Los ascensores, desde su nacimiento, han sido una fuente de comodidad para las personas, facilitando la subida a pisos altos y evitando largas caminatas por los escalones del edificio. Sin embargo, una pequeña parte de la población tiene ciertos miedos a la hora de montarse en un elevador, siendo la gente claustrofóbica la que más sufre cuando tiene que hacer uso de uno de estos aparatos.

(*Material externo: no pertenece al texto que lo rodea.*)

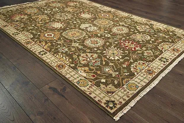 The rug showcases an exceptional Persian floral design with curvaceous leaves, bright blossoms, and other classic botanical motifs, bringing vivid energy to your living space.
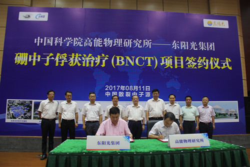 811日,中国科学院高能物理研究所所长王贻芳与东阳光集团董事长张中能,在中国散裂中子源签署了《硼中子俘获治疗(简称BNCT)》项目合作协议,标志着散裂中子源科技成果转化迈出了第一步。双方充分结合高能所在设备研发上的领先优势与东阳光的药物开发能力,有望在未来5年内开启全国治疗肿瘤疾病的新时代。
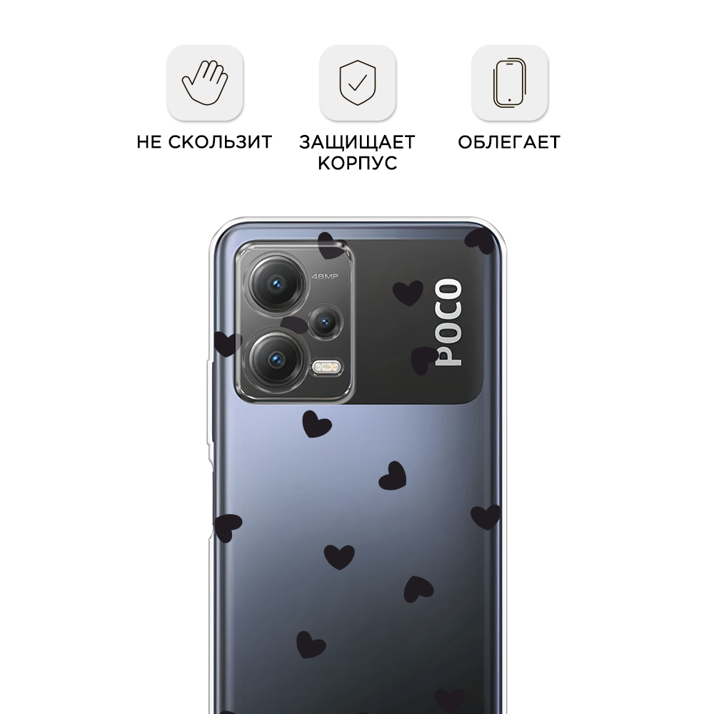Отзывы на Чехол на Xiaomi Poco X5 5G / Сяоми Поко X5 5G с принтом Маленькие чёрные сердечки, прозрачный

A raíz de estos miedos inevitables, han surgido numerosos mitos alrededor del mundo de los ascensores, circulando por la red todo tipo de leyendas urbanas acerca de su funcionamiento y seguridad, con poca base científica. ¿Quieres descubrir alguna de estas habladurías?

Leyendas y verdades acerca de los ascensores

Aquí te dejamos 5 mitos acerca de los ascensores:

  1. La posibilidad de caída libre: Todos los expertos afirman que es algo altamente improbable. Hace tiempo, los ascensores estaban compuestos por un sistema de poleas básico, pero en la actualidad la mayoría de ellos cuentan con soportes de acero y un sistema de bloqueo que hace que el elevador se frene. Además, hay que tener en cuenta que hay inspecciones y deben estar certificados por ley.
  2. Un elevado peso hace que el ascensor se derrumbe: Por el mismo motivo que en el anterior mito, esta creencia es totalmente falsa, ya que el aparato se frena automáticamente cuando hay un gran exceso de peso.
  3. Los espejos de los ascensores se colocan por cuestiones estéticas. Aunque es cierto que hay algo de verdad en ello, realmente están colocados para generar una sensación de amplitud que ayuda a los claustrofóbicos.
  4. Puedo pillarme una extremidad con el ascensor: Hoy en día todos los ascensores están regulados para tener sensores que evitan pillar cualquier parte del cuerpo.
  5. El ascensor es un invento del siglo XIX: A pesar de que los elevadores tal y como los conocemos ahora no existieron hasta tiempo después, el primer ascensor para personas fue construido para Luis XV en Versalles a mediados del Siglo XVIII, aunque es cierto que el primer ascensor mecánico data de 1829.